今し方発動した輪舞型の操作系自在式はあくまで
視界を明瞭にする為に編み込んだもの。
武装しているとはいえ燐子如きが何百体集まろうとシャナの眼中には
端からいないも同然だった。
そのシャナの脇に術者の命令を忠実に果たした紅蓮の炎架が
主を護るガーディアンのように静かに舞い降りた。
シャナはその一切の光を宿さない無明の双眸で、給水塔の上で
笑顔のまま拍手をしているフリアグネを冷酷に見据えると、
人間の関節可動域を完全に無視して複雑に絡められた、
自在式発動印が結ばれた右手を静謐に肩口に掲げ、
そして咎人を断罪する執行法務官のような清廉な動作で、
勢いよく印を振り解きながら真下へと振り下ろした。
その動作に合わせ炎架の内部に編み込まれた突貫型の操作系自在式が発動し、
炎架の中心部に埋め込まれた灼熱の炎玉がより紅く発光した。
「ッッッけぇぇッッ!!」
シャナの叫びが終わる前に深紅の炎架は迫撃砲が発射されたかような
爆裂音を轟かせながら超加速し、笑みを浮かべて拍手を続ける
フリアグネに向かって一部の狂いもない正確な命中精度で襲い掛かった。
(灰に!なれ!!)
空間に紅蓮の軌跡を残す火炎の疾走を見送りながらシャナは強く心の声で
「灰になれええええぇぇぇぇッッ!! 狩人フリアグネエエエエェェェェッッ!! 」
そして現実の声でそう叫ぶと、自分が認める二人の血統の男達と同じように
右手を素早く逆水平に構え標的を、フリアグネを射抜くように鋭く指差した。
←TO BE CONTENUED……
次回予告。
突如シャナの中で覚醒した能力、”真・灼眼 ”
その力の汎用性は炎術だけに留まる事のない
強靭無比な能力だった。
しかし、それすらも戦慄の狩人、フリアグネにとっては
掌中の権謀術数の一端にしか過ぎなかったのか?
そして窮地に陥ったシャナが取ったある意外な選択とは?
次回、連載コラボSS
ジョジョの奇妙な冒険×灼眼のシャナ
*STARDUST¢FLAMEHAZE*
【
CHAPTER♯17 戦慄の暗殺者Ⅲ ~ Don't leave you~】
御期待下さい……!
”一人じゃ、ないッッ!! ”
『炎劾華葬楓絶架(レイジング・クロス・ヴォーテックス)』
術者名-空条 シャナ
破壊力-A スピード-B 射程距離-B
持続力-A 精密動作性-B 成長性-C
能力-業炎と浄炎。
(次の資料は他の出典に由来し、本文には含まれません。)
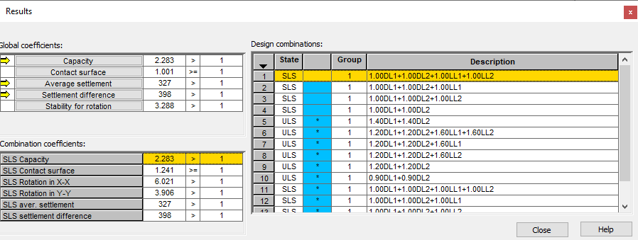 В поле Общие коэффициенты располагаются шесть кнопок: Грузоподъемность, Поверхность контакта, Сопротивление проскальзыванию, Сопротивление опрокидыванию, Средняя осадка грунта и Сопротивление продавливанию и сдвигу. Наиболее неблагоприятные коэффициенты для соответствующих типов проверки фундаментов представлены в полях, расположенных справа от кнопок. В результате нажатия на соответствующие кнопки подсвечиваются комбинации, для которых в поле Комбинации проекта был получен представленный коэффициент запаса.

異なる二つの属性の炎を自在式によって融合させ、
相乗効果によって増大した存在の力を高架型に変容させて
相手に撃ち込む炎の戦闘自在法。
高架に様々な自在式を編み込むことによって、
その軌道や属性を複雑に変化させる事が出来る剛柔一体の焔絶儀。
弱点は発動までの所要時間が長い事と、存在の力の消耗が大きいこと。